Он поднял глаза на Валерию — и улыбнулся. Это была не хищная усмешка, не холодный, оценивающий взгляд. Это была улыбка. Добро. Тепло. До невозможности неожиданно. В ней не было и тени угрозы или снисхождения, только искренность и какая-то древняя мудрость.
— Госпожа Андрес, — сказал он, поднимаясь. Его голос был низким, глубоким, с лёгким, едва уловимым акцентом, который Валерия не могла определить. — Честь видеть вас в нашем доме.
Валерия застыла. Её инстинкты кричали о необходимости держать дистанцию, быть начеку. Она не склонила голову, инстинктивно сохраняя свою природную гордость, но уважительно кивнула. Подавая руку — чтобы пожать, как равная с равным, а не для поцелуя, что было бы оскорбительно для её статуса в таких кругах. Люциан взял её ладонь — крепко, по-семейному, его пальцы были сильными, но прикосновение удивительно мягким. Он задержал её руку дольше, чем того требовал обычный этикет.

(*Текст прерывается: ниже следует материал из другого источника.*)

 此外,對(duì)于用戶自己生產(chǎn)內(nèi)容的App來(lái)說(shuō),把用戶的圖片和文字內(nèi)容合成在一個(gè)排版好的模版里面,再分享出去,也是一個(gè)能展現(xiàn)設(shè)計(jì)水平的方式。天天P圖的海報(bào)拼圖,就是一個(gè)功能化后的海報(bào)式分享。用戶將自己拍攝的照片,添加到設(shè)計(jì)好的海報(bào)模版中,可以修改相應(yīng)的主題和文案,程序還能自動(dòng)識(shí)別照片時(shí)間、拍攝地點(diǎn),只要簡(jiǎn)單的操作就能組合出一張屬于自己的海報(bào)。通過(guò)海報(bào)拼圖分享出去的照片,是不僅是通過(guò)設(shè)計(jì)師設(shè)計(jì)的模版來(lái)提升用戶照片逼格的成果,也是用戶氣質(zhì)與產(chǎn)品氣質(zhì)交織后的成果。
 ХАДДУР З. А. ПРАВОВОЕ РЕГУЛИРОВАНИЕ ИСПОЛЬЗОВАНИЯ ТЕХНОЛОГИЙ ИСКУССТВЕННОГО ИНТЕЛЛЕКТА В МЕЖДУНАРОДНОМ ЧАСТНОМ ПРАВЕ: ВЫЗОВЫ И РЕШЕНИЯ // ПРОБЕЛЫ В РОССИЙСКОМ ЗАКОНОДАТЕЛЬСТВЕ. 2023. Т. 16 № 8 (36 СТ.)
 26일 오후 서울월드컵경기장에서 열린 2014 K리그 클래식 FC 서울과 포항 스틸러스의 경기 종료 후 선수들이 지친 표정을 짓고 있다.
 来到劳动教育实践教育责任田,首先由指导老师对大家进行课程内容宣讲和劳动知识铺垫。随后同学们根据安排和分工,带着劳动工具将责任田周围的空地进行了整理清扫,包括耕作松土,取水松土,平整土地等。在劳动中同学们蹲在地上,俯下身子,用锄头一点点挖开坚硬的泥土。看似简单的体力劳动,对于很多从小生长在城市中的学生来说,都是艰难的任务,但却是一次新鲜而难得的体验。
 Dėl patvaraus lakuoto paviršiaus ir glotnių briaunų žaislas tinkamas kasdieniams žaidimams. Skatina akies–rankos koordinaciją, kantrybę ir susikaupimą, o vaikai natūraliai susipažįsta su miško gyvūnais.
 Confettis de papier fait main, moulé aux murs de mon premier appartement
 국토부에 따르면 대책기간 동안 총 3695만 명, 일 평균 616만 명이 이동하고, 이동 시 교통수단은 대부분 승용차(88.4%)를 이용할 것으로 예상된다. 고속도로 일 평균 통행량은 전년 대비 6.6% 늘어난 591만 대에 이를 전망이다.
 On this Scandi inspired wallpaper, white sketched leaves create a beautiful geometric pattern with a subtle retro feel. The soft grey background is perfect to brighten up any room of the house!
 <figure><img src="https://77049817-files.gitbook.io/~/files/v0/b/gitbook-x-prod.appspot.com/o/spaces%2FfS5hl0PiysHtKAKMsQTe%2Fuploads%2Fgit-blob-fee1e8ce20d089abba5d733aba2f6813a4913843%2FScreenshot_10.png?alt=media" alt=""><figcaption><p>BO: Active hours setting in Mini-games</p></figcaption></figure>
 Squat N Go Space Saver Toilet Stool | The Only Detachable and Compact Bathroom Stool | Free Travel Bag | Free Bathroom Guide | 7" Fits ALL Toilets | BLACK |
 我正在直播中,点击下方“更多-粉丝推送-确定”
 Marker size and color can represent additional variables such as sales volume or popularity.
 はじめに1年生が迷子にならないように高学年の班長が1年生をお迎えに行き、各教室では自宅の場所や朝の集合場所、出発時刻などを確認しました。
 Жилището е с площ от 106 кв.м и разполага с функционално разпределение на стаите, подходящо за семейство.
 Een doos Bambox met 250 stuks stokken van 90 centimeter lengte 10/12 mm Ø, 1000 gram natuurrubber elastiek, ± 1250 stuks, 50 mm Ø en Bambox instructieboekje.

— Я знал вашу мать, — сказал Люциан спокойно, его взгляд был прямым и честным. — И вашего отца. И деда с бабкой. Прекрасные люди. Достойные. Умные. Сильные. Это честь.
Валерия едва заметно расширила глаза. Он… знал? Не просто слышал, а знал их лично? Семья Андрес всегда была закрытой, таинственной. Но Люциан Энгель, казалось, был знаком с их историей лучше, чем она сама.
— Но… — она собрала голос, пытаясь скрыть изумление. — Вы знали, кто я?
— Разумеется. — Люциан мягко улыбнулся. — Я был одним из тех, кто помогал вашему отцу отказаться от прежних союзов в старом свете. У меня много знакомых в Европе, госпожа Андрес. Ваш клан всегда был… особенным. Его уважают.
Девушка села рядом с ним на диван, и впервые за долгое время почувствовала: уважение. Не страх. Не интриги. Не холодный расчёт. Настоящее уважение, идущее от человека, который сам был воплощением власти. Они говорили долго. О Европе, о старых традициях, о сложностях современного мира, о прошлом, которое связывало их кланы. А потом он вдруг рассказал о том, как маленькая Валерия, совсем ещё девчонка, врывалась на важные собрания в халате, требуя вернуть ей конфеты, которые Киллиан отобрал за непослушание.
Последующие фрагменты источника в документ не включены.